Only much later did other scientists discover that he had in fact been examining samples from people damaged by amphiboles. But, thanks not least to the BBC, the damage done by this blunder is being perpetuated to this day. It is hard to imagine such institutional incompetence will be affected simply by the resignation of Mr Dyke.
Last week, as the Labour Party was tearing itself apart over top-up fees, it was estimated that the Government stands to lose £900 million, no less than a third of the money it hopes to save, thanks to the flood of students expected to arrive in British universities when 10 new countries join the EU on May 1. The low levels of income in these countries mean that many graduates may never reach the proposed salary threshold at which repayment of fees should begin.
Britain and Ireland are the only EU countries that have agreed to allow the citizens of the new entrant countries unrestricted right to work and claim benefits from day one. Students from Poland and other countries will be given access to UK universities on the same basis as British students, but it is unlikely they will ever have to repay their tuition fees.

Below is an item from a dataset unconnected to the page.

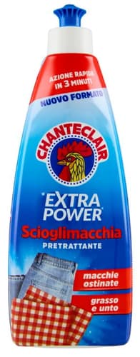 Pre tratamentul este creat cu o formula noua, eficienta de la prima utilizare, impotriva petelor cele mai dificile. Este imbogatit cu originalul degresant Chanteclair care actioneaza la temperaturi scazute si ajunge in fibrele hainelor indepartand petele incrustate si grase ca iarba, ciocolata, vinul, rosiile si fructele. Potrivit pentru hainele colorate si albe. Instructiuni de utilizare: aplicati direct pe pata; se lasa sa actioneze 5 minute apoi continuati cu spalarea normala. Nu lasati sa se usuce pe material. A nu se folosi pe lana si matase. Verificati rezistenta culorii prin aplicarea produsului pe un colt ascuns al imbracamintei. Produs adjuvant pentru spalare.

Last month I reported that Denis McShane, our Europe minister, had claimed that several other EU countries, including Denmark and Holland, will give new entrants the same access to work and benefits as Britain. It has now been confirmed that neither Holland nor Denmark intends anything of the kind. Britain and Ireland stand alone. Not for the first time Mr McShane has shown that, despite his devotion to the EU, he knows remarkably little about it.
A prize for the most cynical (or perhaps naive) initiative of last week must go to Gordon Brown, for inviting British industry to help him campaign for a drastic reduction in the red tape which is strangling British businesses.
The CBI responded by publishing the "Top 10 Regulatory Threats" which it fears as most damaging. No fewer than eight of these, including new directives on chemicals, agency temps, waste and emissions, which will cost industry billions of pounds a year, originate from our supranational government in Brussels.
In other words, as Mr Brown must realise, there is virtually nothing either he nor industry can do to stop them. So why pretend otherwise?